Mehrabani (2023) introduces the pairwise adaptive group fused Lasso (PAGFL), a fast methodology to identify latent group structures and estimate group-specific coefficients simultaneously.
The PAGFL
package makes this powerful procedure easy to use.
You can install the development version of PAGFL
from GitHub with:
# install.packages('devtools')
devtools::install_github('Paul-Haimerl/PAGFL')

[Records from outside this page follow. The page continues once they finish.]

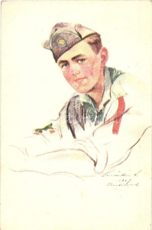 Beschreibung: 12 db RÉGI használatlan magyar cserkész motívumlap, Márton L. szignóval / 12 pre-1945 unused Hungarian scout art postcards, signed by Márton L.
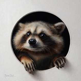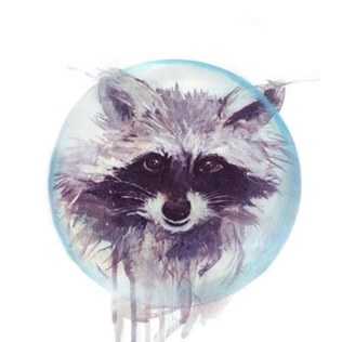 Интересно выглядят ночные зверьки в стиле дотворк. Шерсть енотов по природе окрашена в оттенки черного и белого, поэтому монохромный дотворк здесь очень кстати. Точки, нанесенные с разным интервалом, вполне способны отобразить переходы цвета. Часто такие работы украшает характерный орнамент.
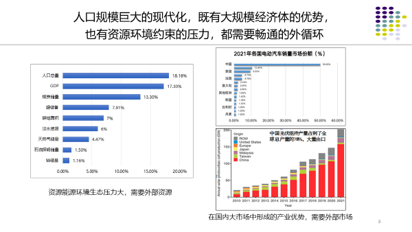 二十大提出中国式现代化,第一条就是人口规模巨大的现代化。人口规模巨大的现代化有优势也有压力,优势是大规模经济体的优势,压力是资源环境约束的压力,发挥优势和化解压力都需要畅通的外循环。
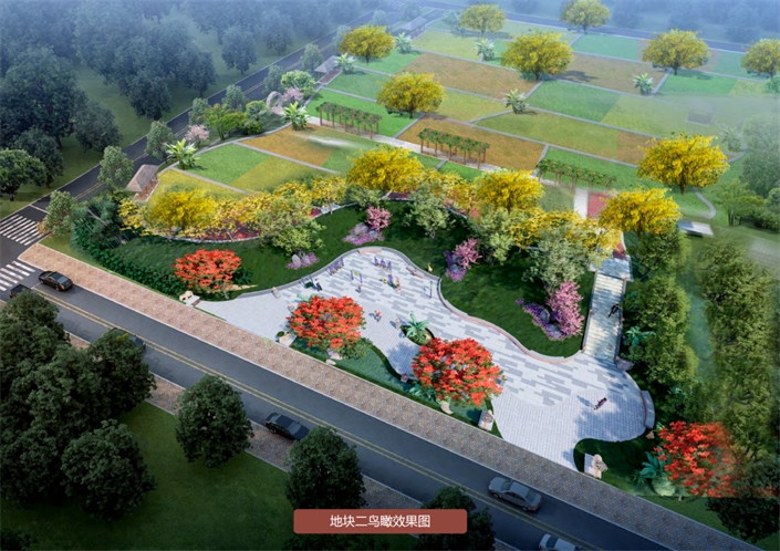 南山社區(qū)街頭綠地項目地塊二效果圖、鳥瞰圖
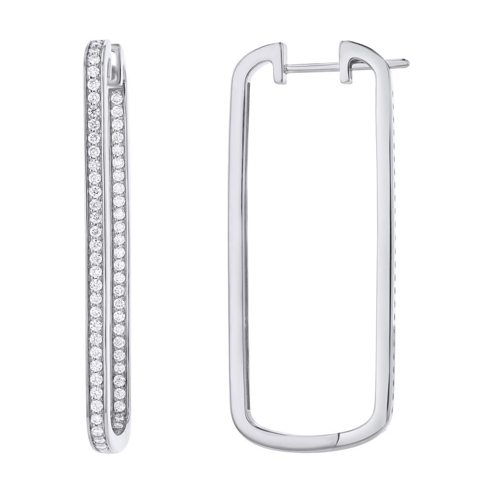 14K white gold rectangle shape contemporary hoop earrings set with 1.00 ct. diamonds in inside-out design
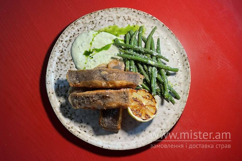 Карп, в соусі понзу з томатами та печерицями. Подаємо з каперсами. Річкова риба, яка може містити міні-кісточки.

#> Downloading GitHub repo Paul-Haimerl/PAGFL@HEAD
#>
#> ── R CMD build ─────────────────────────────────────────────────────────────────
#> checking for file 'C:\Users\phaim\AppData\Local\Temp\Rtmpqavyox\remotes1c6470b32407\Paul-Haimerl-PAGFL-ce820c1/DESCRIPTION' ... checking for file 'C:\Users\phaim\AppData\Local\Temp\Rtmpqavyox\remotes1c6470b32407\Paul-Haimerl-PAGFL-ce820c1/DESCRIPTION' ... ✔ checking for file 'C:\Users\phaim\AppData\Local\Temp\Rtmpqavyox\remotes1c6470b32407\Paul-Haimerl-PAGFL-ce820c1/DESCRIPTION' (1.7s)
#> ─ preparing 'PAGFL':
#> checking DESCRIPTION meta-information ... checking DESCRIPTION meta-information ... ✔ checking DESCRIPTION meta-information
#> ─ cleaning src
#> ─ checking for LF line-endings in source and make files and shell scripts (556ms)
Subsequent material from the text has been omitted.